TASK BRIEF –
Below are the records; give again exactly the line with "wooden reindeer cut-outs", the line with "落地灯和格架点缀,打造出简约自然的独立休闲区。", and each line that lies between them, and nothing besides.

SUPPLIED ENTRIES –
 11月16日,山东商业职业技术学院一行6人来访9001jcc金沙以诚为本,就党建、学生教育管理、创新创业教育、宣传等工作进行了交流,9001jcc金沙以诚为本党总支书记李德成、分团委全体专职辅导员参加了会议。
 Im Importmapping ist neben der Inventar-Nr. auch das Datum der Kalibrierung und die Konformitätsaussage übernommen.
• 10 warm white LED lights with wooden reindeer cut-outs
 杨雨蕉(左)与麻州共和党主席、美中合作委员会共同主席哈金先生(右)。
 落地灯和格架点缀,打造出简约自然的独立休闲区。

---

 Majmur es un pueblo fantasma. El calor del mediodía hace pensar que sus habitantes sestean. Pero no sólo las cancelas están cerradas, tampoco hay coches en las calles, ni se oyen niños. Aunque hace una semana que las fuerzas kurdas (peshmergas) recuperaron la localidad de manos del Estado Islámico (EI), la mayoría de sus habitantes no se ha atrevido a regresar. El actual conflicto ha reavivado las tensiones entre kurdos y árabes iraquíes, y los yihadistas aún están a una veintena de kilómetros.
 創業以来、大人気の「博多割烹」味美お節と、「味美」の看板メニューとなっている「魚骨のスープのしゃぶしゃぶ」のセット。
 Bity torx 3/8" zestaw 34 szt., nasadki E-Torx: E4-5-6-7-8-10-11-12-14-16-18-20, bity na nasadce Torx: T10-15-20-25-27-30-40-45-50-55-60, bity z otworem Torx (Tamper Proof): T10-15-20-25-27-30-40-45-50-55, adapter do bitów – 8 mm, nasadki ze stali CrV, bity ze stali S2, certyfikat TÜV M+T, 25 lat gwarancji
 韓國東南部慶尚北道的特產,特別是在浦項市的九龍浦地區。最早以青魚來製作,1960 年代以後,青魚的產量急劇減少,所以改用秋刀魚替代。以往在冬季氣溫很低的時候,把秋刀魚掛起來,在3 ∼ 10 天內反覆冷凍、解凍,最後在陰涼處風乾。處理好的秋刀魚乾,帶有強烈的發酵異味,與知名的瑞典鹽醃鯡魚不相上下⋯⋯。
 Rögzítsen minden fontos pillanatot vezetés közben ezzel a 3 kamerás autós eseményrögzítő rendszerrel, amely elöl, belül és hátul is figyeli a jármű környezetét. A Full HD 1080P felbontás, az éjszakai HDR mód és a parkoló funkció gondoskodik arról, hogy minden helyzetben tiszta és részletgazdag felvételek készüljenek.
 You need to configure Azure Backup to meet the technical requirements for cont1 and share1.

==

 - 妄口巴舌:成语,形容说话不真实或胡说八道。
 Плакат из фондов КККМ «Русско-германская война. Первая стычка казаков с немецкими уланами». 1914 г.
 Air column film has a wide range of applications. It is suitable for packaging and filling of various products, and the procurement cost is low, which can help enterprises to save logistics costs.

ANSWER TO THE EXERCISE –
• 10 warm white LED lights with wooden reindeer cut-outs
 杨雨蕉(左)与麻州共和党主席、美中合作委员会共同主席哈金先生(右)。
 落地灯和格架点缀,打造出简约自然的独立休闲区。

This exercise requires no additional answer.